# [Available data]
________________________________________
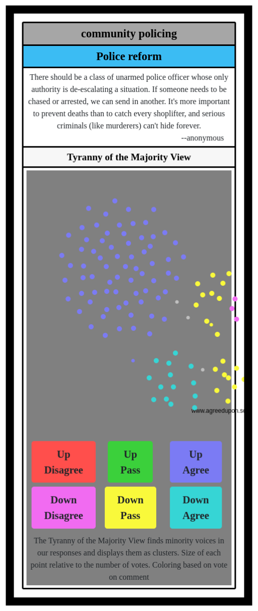 The Tyranny of the Majority View finds minority voices in our responses and displays them as clusters. Size of each point relative to the number of votes. Coloring based on vote on comment
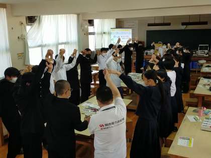 最後は、みんなが手をつなぎ、身体に電気を流しました。
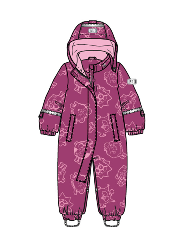 Мембранный материал делает этот яркий и модный комбинезон непромокаемым: мембрана не пропускает влагу снаружи, но выводит её изнутри, что крайне важно во время подвижных игр и занятий спортом.
________________________________________
# [What you need to do]
Give back all of the material exactly, though without the images it contains.

# [Exercise solution]
 The Tyranny of the Majority View finds minority voices in our responses and displays them as clusters. Size of each point relative to the number of votes. Coloring based on vote on comment
 最後は、みんなが手をつなぎ、身体に電気を流しました。
 Мембранный материал делает этот яркий и модный комбинезон непромокаемым: мембрана не пропускает влагу снаружи, но выводит её изнутри, что крайне важно во время подвижных игр и занятий спортом.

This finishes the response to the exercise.